The Number π

The number π (symbolized internationally by the Greek letter π) is a mathematical constant defined as the ratio of the circumference to the diameter of a circle, and is equal to 3.14159265 to eight decimal places. It has been expressed with the Greek letter π since the middle of the 18th century. π is an irrational number, meaning that it cannot be expressed exactly as a ratio of two integers (such as 22/7 or other fractions commonly used to approximate π). Therefore, the decimal representation never ends and never settles in a permanent and recurring pattern. π is a transcendental number – that is, it is not a root of a non-zero polynomial with exponential coefficients.

World π Day Celebration

World π Day is not exclusively for mathematicians and is celebrated every year on March 14th because of some numerical coincidences that occur on that day. In America, for example, 14/3 is written as 3-14, which is the value of the constant (π = 3.14).

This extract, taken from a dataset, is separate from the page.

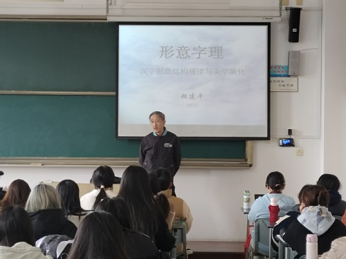3月31日,语言文化学院举办新利18官方客服前沿讲坛第五十六讲暨语言文化讲坛第四十一讲“形意字理:汉字创意结构规律与美学演化”讲座。文字学家、书法家顾建平受邀主讲,语言文化学院(国际交流学院)副院长翁晓玲副教授主持讲座,汉语国际教育、汉语言文学等专业在内的60余名中外学生聆听讲座。本次讲座由科研处、语言文化学院(国际交流学院)主办。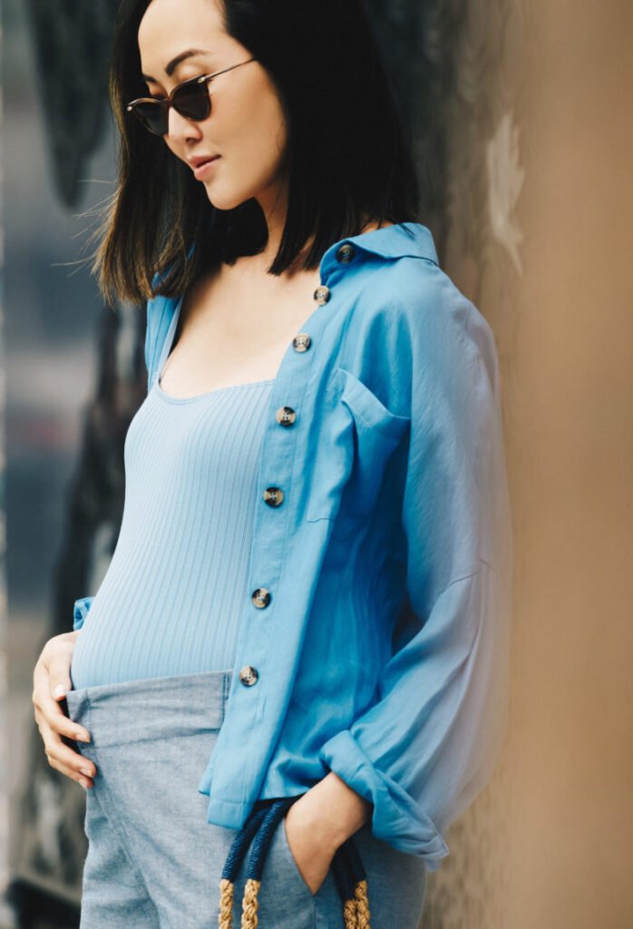 This trick is a lifesaver on hot summer days when I’m already in a swimsuit but need to transition into something more polished for an event or dinner. The solution? Simply throw on a pair of stylish maternity trousers (like these ultra-chic Ingrid trousers) and layer an oversized button-down shirt on top. It’s effortlessly chic and perfect for keeping cool while staying stylish.

The celebration of “p” day was established in 1988 by Larry Shaw in San Francisco. It is celebrated with the consumption of round pies because in English, the Greek letter π resembles the English word “pie” which is pronounced as “pie”.

The Story of π

When the ancient Babylonians began to build the city - says the legend - they were particularly concerned with geometry. Already from the 20th century BCE, they found that when the circumference of any circle is divided by its diameter, the result is always about three. They even calculated the value of this ratio at 25/8, which is only 0.5% of its true value. Much less accurate is the other of the most ancient values of π, which we find in the Bible (1 Kings, 7, 23), according to which the circular lake of Solomon’s house had a diameter of ten cubits and a circumference of thirty cubits, placing the value exactly at three.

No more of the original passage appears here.